Description of the task - Stop after the line with "ヒーロー風カッコイイあだ名 | 『スーパーヒマリ』『幻影騎士ヒマ』 |". Up to that point, output every line of the listing below exactly from the first one onward, skipping pictures.

Recorded data -
┌────────

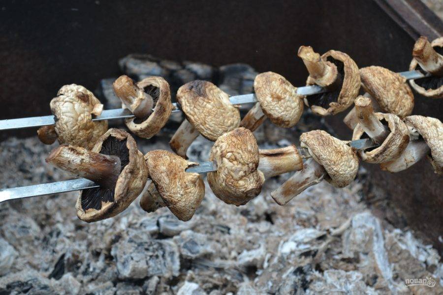 Приготовить шашлык из шампиньонов на мангале не только просто, это еще и очень вкусно. Подавать можно как самостоятельную закуску с соусами или овощами, а можно как дополнение к мясу.
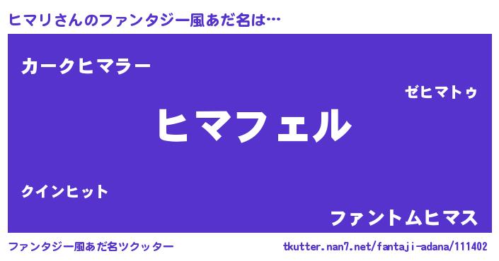 | ヒーロー風カッコイイあだ名 | 『スーパーヒマリ』『幻影騎士ヒマ』 |
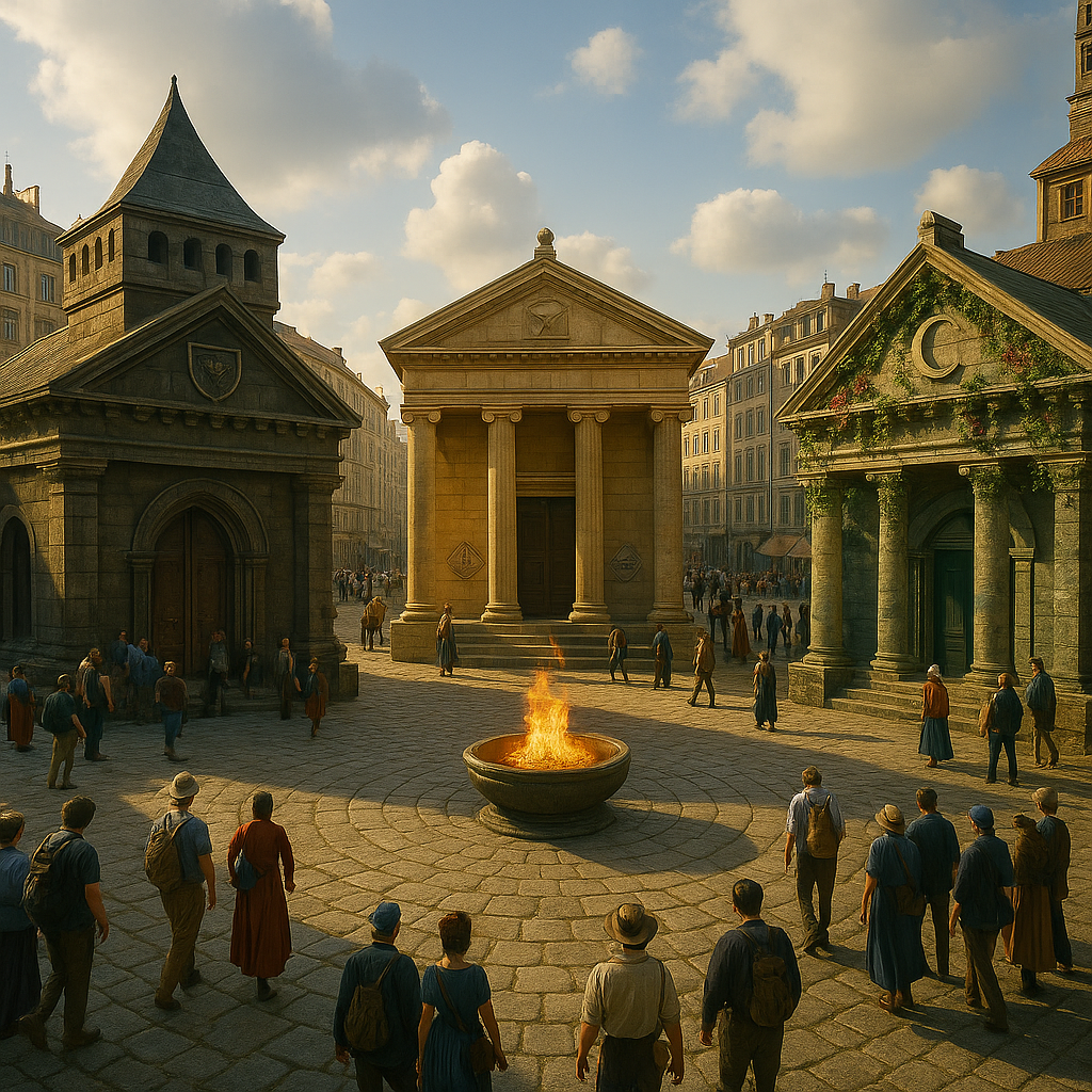 Temple District – A sacred square where all four gods of Harmonium are honored. At its center: the Eternal Flame. Always lit. Always watching.

└────────

Answer area -
 Приготовить шашлык из шампиньонов на мангале не только просто, это еще и очень вкусно. Подавать можно как самостоятельную закуску с соусами или овощами, а можно как дополнение к мясу.
 | ヒーロー風カッコイイあだ名 | 『スーパーヒマリ』『幻影騎士ヒマ』 |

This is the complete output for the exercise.